What you will do:
No pictures belong in the copy. Restate the rest of the data exactly.

Given information:
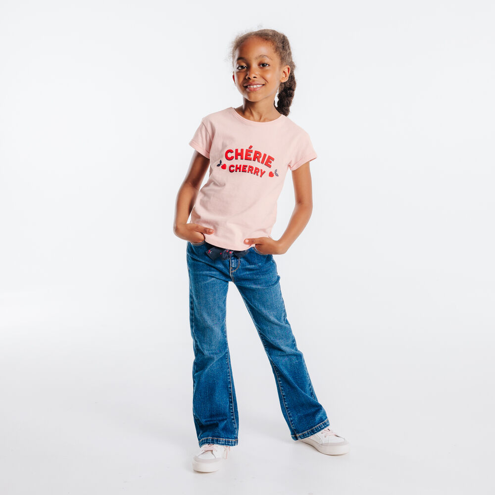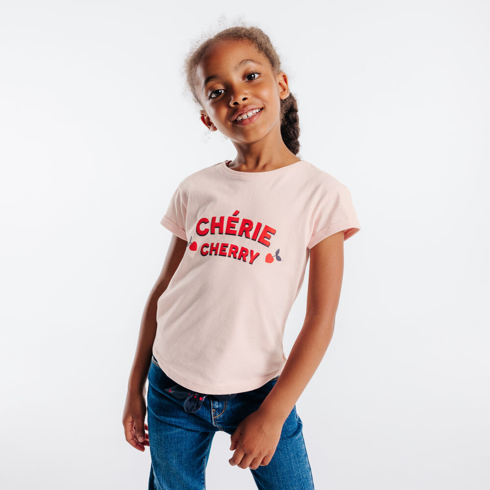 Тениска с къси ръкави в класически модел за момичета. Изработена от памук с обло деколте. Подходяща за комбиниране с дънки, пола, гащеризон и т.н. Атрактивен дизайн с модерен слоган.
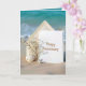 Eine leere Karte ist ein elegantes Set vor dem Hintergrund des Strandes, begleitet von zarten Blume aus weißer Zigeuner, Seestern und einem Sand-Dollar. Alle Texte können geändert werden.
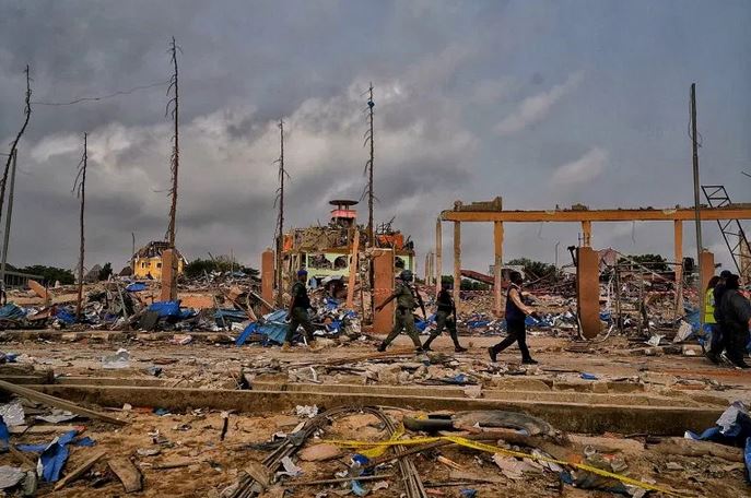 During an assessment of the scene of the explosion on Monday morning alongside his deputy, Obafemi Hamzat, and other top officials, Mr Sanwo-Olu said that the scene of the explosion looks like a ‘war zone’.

Answer section:
 Тениска с къси ръкави в класически модел за момичета. Изработена от памук с обло деколте. Подходяща за комбиниране с дънки, пола, гащеризон и т.н. Атрактивен дизайн с модерен слоган.
 Eine leere Karte ist ein elegantes Set vor dem Hintergrund des Strandes, begleitet von zarten Blume aus weißer Zigeuner, Seestern und einem Sand-Dollar. Alle Texte können geändert werden.
 During an assessment of the scene of the explosion on Monday morning alongside his deputy, Obafemi Hamzat, and other top officials, Mr Sanwo-Olu said that the scene of the explosion looks like a ‘war zone’.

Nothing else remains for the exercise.